§ **WORK ITEM**: Every line from the one with "The 40V max" through the last line below should be repeated exactly; pictures stay out of the copy.

§ **GIVEN MATERIAL**:
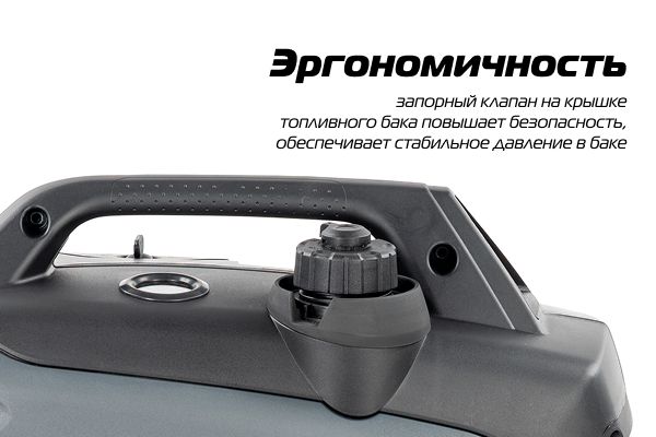 Запорный клапан вентиляции на крышке топливного бака предотвращает испарение топлива, повышает безопасность (блокируя выход горючих паров), обеспечивает стабильное давление в баке и делает транспортировку генератора более безопасной.
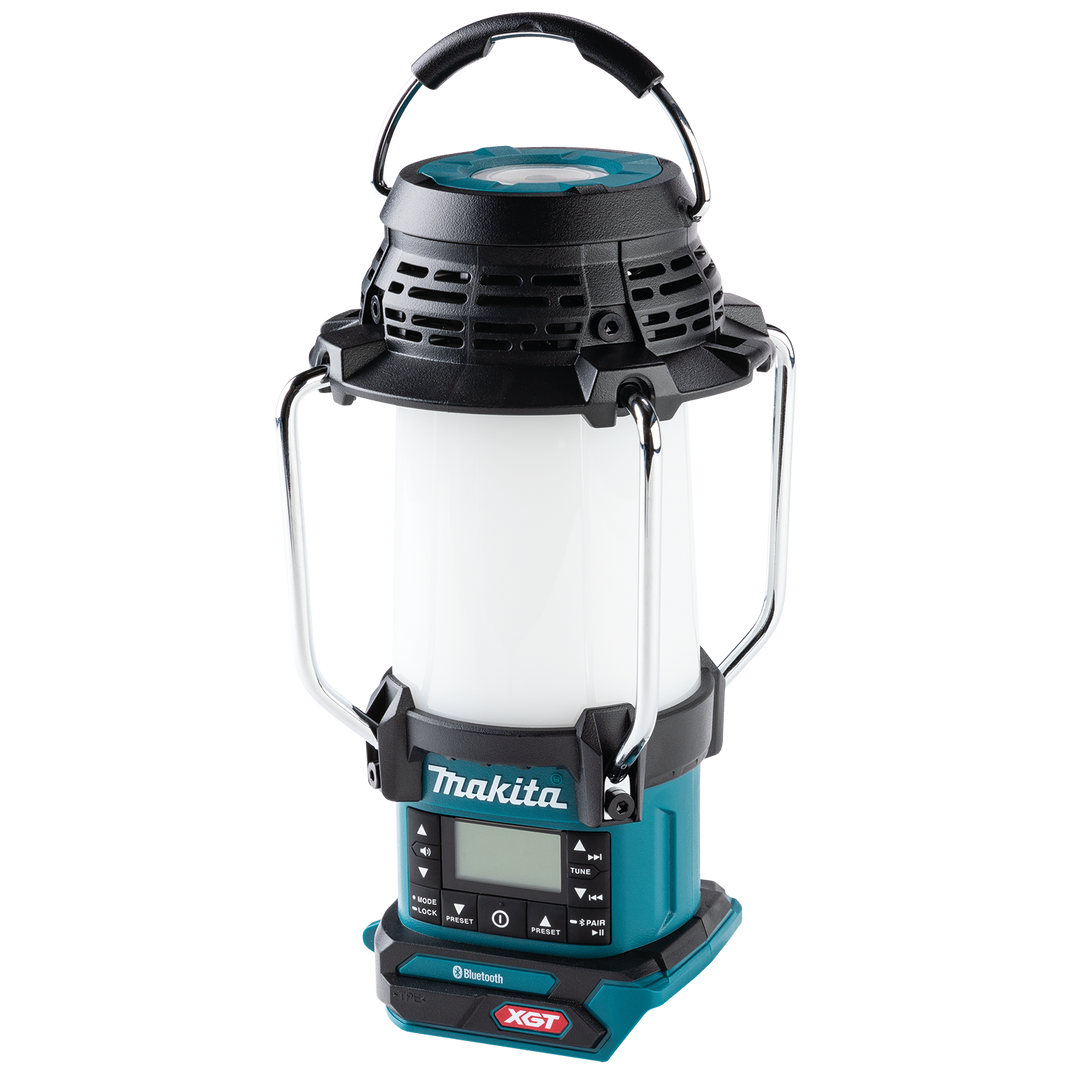 The 40V max XGT® Lantern with Radio (GMR04) offers bright illumination with premium sound quality. The circular design of the lighting area provides 360° illumination, allowing the user to see in all directions by moving the light itself.
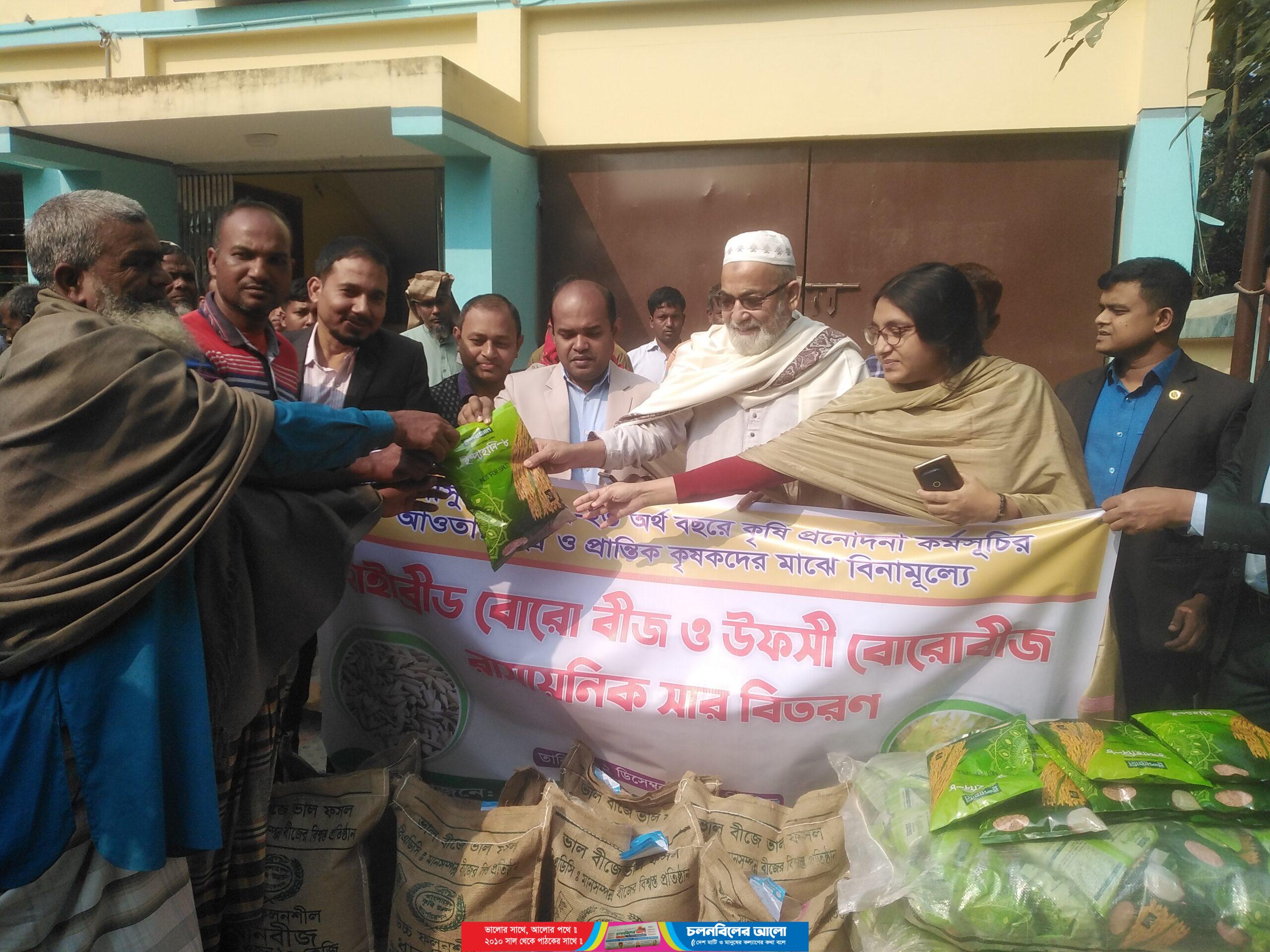 ১ হাজার ৫ শত ২০ জন ক্ষুদ্র ও প্রান্তিক কৃষকের মাঝে ২কেজি করে হাইব্রিড ধান বীজ, ১ হাজার ১ শত ৯০ জনের মাঝে ৫কেজি রূপসি জাতের ধান বীজ ১০ ডিএপি ও ১০ কেজি এমপিও সার বিনামূল্যে বিতরণ করেন।
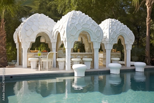Atlantis Pool Designs: Pearl White Cabanas & Aquatic Bar Stools Oasis

§ **OUTPUT FOR THIS TASK**:
 The 40V max XGT® Lantern with Radio (GMR04) offers bright illumination with premium sound quality. The circular design of the lighting area provides 360° illumination, allowing the user to see in all directions by moving the light itself.
 ১ হাজার ৫ শত ২০ জন ক্ষুদ্র ও প্রান্তিক কৃষকের মাঝে ২কেজি করে হাইব্রিড ধান বীজ, ১ হাজার ১ শত ৯০ জনের মাঝে ৫কেজি রূপসি জাতের ধান বীজ ১০ ডিএপি ও ১০ কেজি এমপিও সার বিনামূল্যে বিতরণ করেন।
Atlantis Pool Designs: Pearl White Cabanas & Aquatic Bar Stools Oasis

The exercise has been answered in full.